Catch people doing something right
Warning: ONCE YOU SEE THE WORLD THROUGH A BEHAVIOURAL LENS, YOU WILL NEVER SEE THE WORLD IN THE SAME WAY AGAIN.
In my opinion, to secure project success, we have to focus on the culture of an organization at first. Once we are aware of the culture, we can adapt our project management approach.
As I described in my previous blog, the best strategy to understand the culture of an organization is an observation. The observation of people’s behaviours. Behaviours of people in their daily job activities. The observation of cooperation forms and relationships between colleagues and teammates: the way they solve problems, the way they take accountability for their job, etc.
Focus on success. Focus on behaviours.
I consulted many individuals and teams in companies within the service sector and industry to help them manage their projects. To improve their management skills. The fundamental assumption in the “world of improvement” is that you cannot improve what is not standardized. In other words, you need to have a baseline to which you refer to when evaluating your improvement. You have a baseline, and then you see the impact of your activity on the deviations towards the baseline. In many companies I visited, there was no standard for project management, or the standard was defined very poorly. One of the outcomes of poorly designed standards is enormous variation in the behaviour of individuals that follow the standard or even consistently lousy behaviour. In total, the variations in behaviour lead to variation in results. When different people manage projects differently within one organization, they achieve different results. If the results are wrong, the organization has a problem.

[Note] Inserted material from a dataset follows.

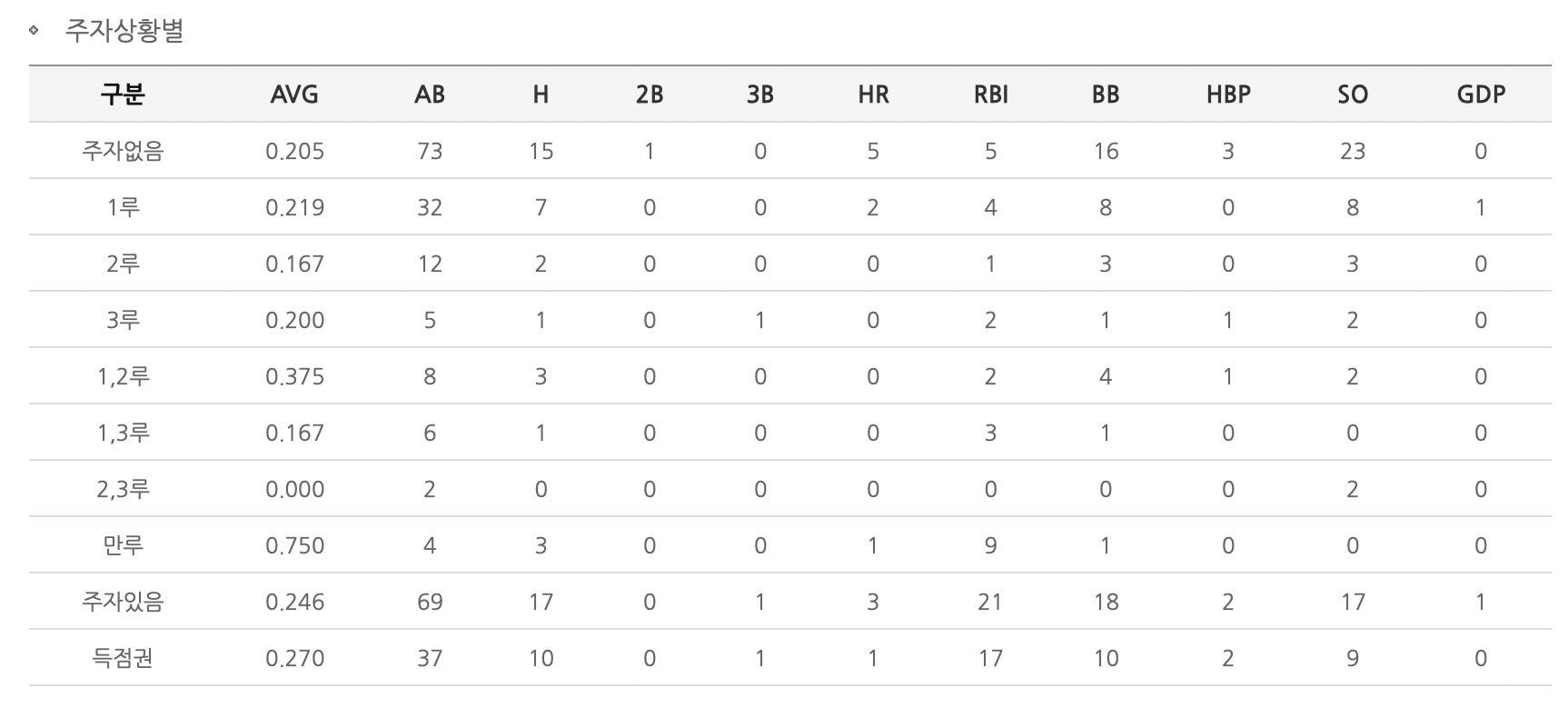 득점권 타율은 0.250으로 36타수 9안타 1홈런을 기록했다.

However, there is not always a defined standard in how to manage projects; one ever-existing thing, even without a written description, is the culture of an organization. As I wrote in my previous blog: it’s up to us whether we will shape the culture or the culture will shape us, which means that the culture also influences how we manage projects or how we manage at all. The first step towards developing how we manage aiming to improve is to be aware of how we lead. Management style, as well as the culture, is defined by behaviours. So what is then the behaviour?

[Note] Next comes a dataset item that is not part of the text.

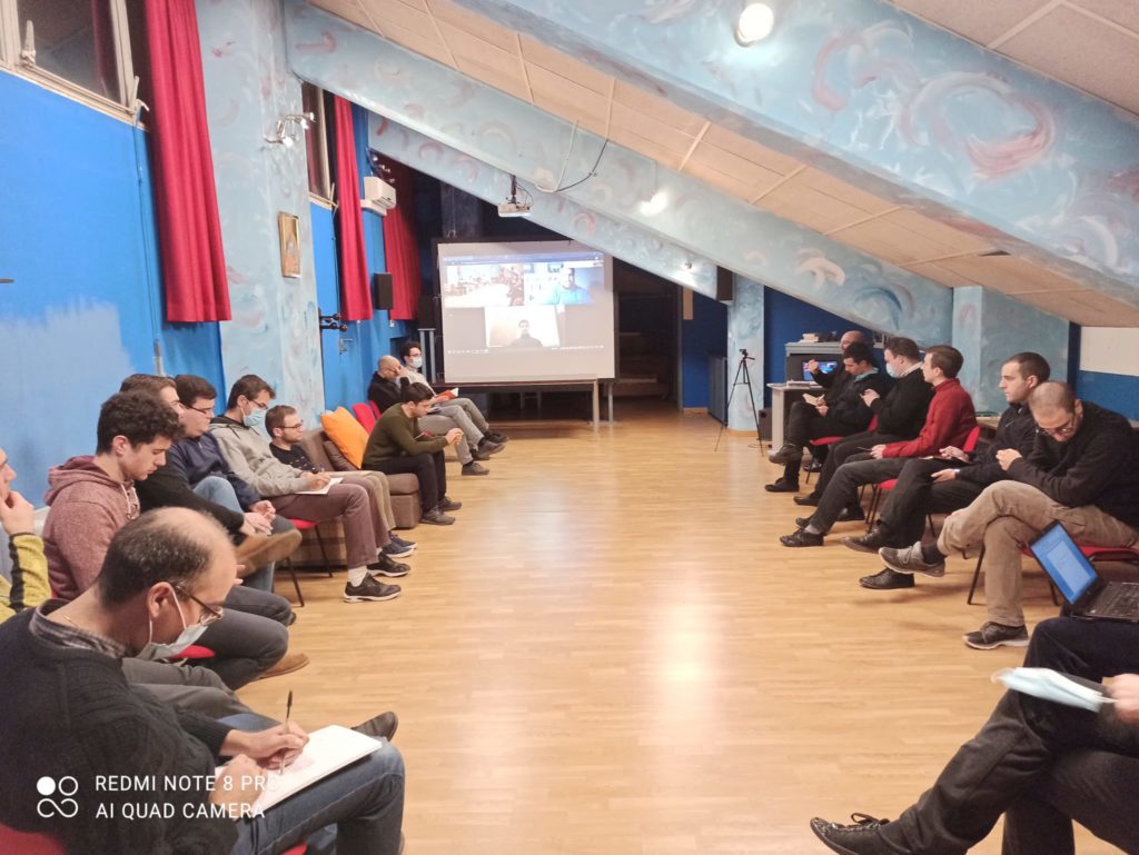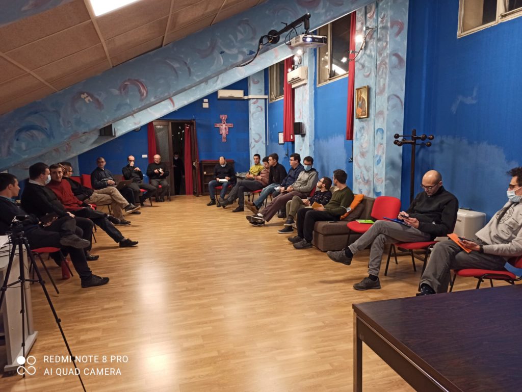 L’incontro di condivisione in forma mista. Alcuni erano collegati tramite internet. E’ una cosa che abbiamo imparato in questo tempo.

According to the Cambridge dictionary: “behaviour (American English) or behaviour (Commonwealth English) is a particular way of acting.”
We already know that behaviour is a particular way of acting that can be observed. Generally, what we can observe, we can also describe and, in the end, record. So let us extend the definition of behaviour as a particular way of acting that can be described, observed, and recorded.
And guess what, everything that can be described, observed and recorded, can also be measured. And in the end, what can be measured can be improved. Although we might not have a standard for managing projects, we still may improve how we are managing our projects by focusing on the right behaviours.
Behaviour is observed
We may start by seeing how we behave in certain situations related to the project, such as planning, analyzing risks, reporting on status, closing of the project, and so on.
For example, team members report status frequently, and in pre-defined intervals; people communicate in a proper tone; people are attached to their mobile phones when in a meeting; project manager often negotiate with sponsors; the team prepares financial forecasts; people periodically come late to the meeting; people speak a lot what they are doing, but with no real evidence; team members are often on sick leave (when it is often happening it can be a sign of tension within a team)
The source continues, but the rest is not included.